AIM OF THE EXERCISE = One part of the entries below is wanted: the lines from the one containing "Another big consideration" through the one containing "Протокол матча Бавария против Байер". Write those out exactly and nothing else.

Data records =

···

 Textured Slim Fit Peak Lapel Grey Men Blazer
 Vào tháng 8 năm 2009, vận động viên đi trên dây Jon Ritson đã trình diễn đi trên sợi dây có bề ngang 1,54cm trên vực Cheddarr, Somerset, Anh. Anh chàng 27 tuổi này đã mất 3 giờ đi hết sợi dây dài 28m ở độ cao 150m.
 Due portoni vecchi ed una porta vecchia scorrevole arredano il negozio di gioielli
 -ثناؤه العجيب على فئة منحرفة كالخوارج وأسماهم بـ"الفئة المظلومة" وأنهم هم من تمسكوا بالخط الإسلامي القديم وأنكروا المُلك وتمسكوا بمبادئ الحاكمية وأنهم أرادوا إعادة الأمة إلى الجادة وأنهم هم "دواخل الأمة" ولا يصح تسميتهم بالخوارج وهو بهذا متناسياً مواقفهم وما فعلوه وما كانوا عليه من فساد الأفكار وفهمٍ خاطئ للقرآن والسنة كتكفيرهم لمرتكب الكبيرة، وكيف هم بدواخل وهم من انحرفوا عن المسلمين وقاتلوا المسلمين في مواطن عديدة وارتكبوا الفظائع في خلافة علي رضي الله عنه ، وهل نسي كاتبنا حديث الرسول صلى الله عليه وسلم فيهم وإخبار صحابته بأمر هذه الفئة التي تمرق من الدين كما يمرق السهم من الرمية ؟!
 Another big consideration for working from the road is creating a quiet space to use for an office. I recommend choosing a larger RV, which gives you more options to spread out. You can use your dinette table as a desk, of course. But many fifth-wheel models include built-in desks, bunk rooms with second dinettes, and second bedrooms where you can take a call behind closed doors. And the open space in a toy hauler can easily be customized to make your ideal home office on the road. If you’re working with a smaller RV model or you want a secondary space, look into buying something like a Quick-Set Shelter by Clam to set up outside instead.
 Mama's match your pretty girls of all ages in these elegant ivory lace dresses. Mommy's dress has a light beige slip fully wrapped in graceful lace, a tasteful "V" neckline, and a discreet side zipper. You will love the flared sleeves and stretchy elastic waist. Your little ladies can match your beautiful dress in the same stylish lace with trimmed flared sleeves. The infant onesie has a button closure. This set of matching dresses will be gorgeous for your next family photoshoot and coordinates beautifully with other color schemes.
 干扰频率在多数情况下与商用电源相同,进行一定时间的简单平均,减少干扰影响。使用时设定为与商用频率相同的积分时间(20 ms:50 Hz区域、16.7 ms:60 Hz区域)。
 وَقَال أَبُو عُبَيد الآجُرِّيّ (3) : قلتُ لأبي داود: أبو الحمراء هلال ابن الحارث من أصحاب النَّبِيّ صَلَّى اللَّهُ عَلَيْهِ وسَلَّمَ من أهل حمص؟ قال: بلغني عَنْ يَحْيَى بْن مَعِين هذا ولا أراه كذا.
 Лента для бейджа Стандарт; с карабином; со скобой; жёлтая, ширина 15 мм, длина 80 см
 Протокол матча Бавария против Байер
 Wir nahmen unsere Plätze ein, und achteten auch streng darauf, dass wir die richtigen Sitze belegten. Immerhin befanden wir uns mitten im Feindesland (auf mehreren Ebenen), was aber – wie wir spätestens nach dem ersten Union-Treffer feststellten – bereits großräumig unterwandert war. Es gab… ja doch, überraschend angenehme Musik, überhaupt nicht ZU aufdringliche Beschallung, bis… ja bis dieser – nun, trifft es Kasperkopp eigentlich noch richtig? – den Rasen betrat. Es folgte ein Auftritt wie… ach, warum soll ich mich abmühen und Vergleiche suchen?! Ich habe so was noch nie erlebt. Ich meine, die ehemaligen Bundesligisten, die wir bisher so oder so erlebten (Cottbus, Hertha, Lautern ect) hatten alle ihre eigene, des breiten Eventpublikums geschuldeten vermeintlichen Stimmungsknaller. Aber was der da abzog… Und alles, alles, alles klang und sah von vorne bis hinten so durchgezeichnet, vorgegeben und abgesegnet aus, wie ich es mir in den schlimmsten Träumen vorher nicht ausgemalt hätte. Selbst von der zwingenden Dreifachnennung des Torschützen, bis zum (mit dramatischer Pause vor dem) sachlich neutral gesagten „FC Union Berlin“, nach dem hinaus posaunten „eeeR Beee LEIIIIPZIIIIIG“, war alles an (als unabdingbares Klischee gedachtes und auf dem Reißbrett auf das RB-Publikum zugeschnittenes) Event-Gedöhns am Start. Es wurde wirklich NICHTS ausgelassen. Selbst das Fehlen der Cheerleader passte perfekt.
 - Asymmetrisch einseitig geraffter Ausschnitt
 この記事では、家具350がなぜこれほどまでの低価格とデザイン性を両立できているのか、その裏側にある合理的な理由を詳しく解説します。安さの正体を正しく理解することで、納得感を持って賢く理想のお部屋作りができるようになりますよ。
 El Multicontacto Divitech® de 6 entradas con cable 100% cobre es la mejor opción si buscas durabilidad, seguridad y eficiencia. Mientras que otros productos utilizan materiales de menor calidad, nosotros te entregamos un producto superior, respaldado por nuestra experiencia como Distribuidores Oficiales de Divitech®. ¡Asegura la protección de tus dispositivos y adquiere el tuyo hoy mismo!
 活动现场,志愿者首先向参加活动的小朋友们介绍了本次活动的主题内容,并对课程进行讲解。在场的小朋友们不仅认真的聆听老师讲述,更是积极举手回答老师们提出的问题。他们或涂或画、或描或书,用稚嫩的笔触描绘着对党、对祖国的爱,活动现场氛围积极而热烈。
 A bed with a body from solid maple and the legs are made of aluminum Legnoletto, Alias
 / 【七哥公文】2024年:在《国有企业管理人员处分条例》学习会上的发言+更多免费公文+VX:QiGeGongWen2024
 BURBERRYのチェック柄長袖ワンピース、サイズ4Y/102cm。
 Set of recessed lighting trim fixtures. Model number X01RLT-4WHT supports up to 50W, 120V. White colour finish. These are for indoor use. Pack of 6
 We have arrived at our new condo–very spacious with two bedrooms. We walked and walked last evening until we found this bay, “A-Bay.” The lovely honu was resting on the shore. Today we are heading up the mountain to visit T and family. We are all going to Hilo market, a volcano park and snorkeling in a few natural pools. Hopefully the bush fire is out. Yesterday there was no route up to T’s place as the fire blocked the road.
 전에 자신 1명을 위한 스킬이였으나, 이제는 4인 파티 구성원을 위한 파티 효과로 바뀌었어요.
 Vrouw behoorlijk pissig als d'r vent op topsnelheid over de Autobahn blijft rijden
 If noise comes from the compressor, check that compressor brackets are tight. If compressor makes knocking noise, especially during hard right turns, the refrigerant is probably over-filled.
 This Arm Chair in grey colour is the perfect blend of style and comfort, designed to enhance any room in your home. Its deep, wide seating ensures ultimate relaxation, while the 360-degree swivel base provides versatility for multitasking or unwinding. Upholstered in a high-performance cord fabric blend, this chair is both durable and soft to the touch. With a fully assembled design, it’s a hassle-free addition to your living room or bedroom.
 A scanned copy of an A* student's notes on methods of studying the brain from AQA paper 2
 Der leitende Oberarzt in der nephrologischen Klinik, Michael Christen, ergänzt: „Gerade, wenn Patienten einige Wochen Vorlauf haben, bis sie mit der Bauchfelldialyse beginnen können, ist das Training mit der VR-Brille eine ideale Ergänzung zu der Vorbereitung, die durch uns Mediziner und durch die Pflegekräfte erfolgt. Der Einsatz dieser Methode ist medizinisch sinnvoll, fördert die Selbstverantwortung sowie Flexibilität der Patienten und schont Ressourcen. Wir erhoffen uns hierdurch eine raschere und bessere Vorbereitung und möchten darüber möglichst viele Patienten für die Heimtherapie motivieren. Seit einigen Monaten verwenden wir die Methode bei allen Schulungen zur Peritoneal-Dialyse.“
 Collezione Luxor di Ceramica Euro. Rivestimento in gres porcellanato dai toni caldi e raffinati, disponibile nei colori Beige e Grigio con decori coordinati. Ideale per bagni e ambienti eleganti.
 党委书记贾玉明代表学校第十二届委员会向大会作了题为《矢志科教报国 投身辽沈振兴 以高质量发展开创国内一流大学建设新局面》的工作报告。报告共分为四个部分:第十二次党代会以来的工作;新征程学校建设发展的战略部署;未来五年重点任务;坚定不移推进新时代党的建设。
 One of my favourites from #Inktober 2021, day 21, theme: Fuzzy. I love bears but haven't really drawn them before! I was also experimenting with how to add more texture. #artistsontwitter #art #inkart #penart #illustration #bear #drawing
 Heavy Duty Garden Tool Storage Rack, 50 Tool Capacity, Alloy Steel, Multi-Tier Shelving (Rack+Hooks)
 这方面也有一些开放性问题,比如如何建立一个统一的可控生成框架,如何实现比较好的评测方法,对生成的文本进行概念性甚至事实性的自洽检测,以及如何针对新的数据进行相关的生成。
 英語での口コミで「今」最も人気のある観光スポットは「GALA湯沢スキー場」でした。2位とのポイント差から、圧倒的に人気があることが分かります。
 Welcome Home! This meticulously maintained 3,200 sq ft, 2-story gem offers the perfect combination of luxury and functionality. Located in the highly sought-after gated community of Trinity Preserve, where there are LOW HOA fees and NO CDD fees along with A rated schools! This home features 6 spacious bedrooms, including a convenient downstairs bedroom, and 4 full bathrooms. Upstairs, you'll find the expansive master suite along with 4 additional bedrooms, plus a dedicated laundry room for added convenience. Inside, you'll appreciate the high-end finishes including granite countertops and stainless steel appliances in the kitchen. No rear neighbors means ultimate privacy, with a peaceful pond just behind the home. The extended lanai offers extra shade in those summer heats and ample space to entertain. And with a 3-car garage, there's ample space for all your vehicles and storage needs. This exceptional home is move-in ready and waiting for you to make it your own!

···

ANSWER SECTION =
 Another big consideration for working from the road is creating a quiet space to use for an office. I recommend choosing a larger RV, which gives you more options to spread out. You can use your dinette table as a desk, of course. But many fifth-wheel models include built-in desks, bunk rooms with second dinettes, and second bedrooms where you can take a call behind closed doors. And the open space in a toy hauler can easily be customized to make your ideal home office on the road. If you’re working with a smaller RV model or you want a secondary space, look into buying something like a Quick-Set Shelter by Clam to set up outside instead.
 Mama's match your pretty girls of all ages in these elegant ivory lace dresses. Mommy's dress has a light beige slip fully wrapped in graceful lace, a tasteful "V" neckline, and a discreet side zipper. You will love the flared sleeves and stretchy elastic waist. Your little ladies can match your beautiful dress in the same stylish lace with trimmed flared sleeves. The infant onesie has a button closure. This set of matching dresses will be gorgeous for your next family photoshoot and coordinates beautifully with other color schemes.
 干扰频率在多数情况下与商用电源相同,进行一定时间的简单平均,减少干扰影响。使用时设定为与商用频率相同的积分时间(20 ms:50 Hz区域、16.7 ms:60 Hz区域)。
 وَقَال أَبُو عُبَيد الآجُرِّيّ (3) : قلتُ لأبي داود: أبو الحمراء هلال ابن الحارث من أصحاب النَّبِيّ صَلَّى اللَّهُ عَلَيْهِ وسَلَّمَ من أهل حمص؟ قال: بلغني عَنْ يَحْيَى بْن مَعِين هذا ولا أراه كذا.
 Лента для бейджа Стандарт; с карабином; со скобой; жёлтая, ширина 15 мм, длина 80 см
 Протокол матча Бавария против Байер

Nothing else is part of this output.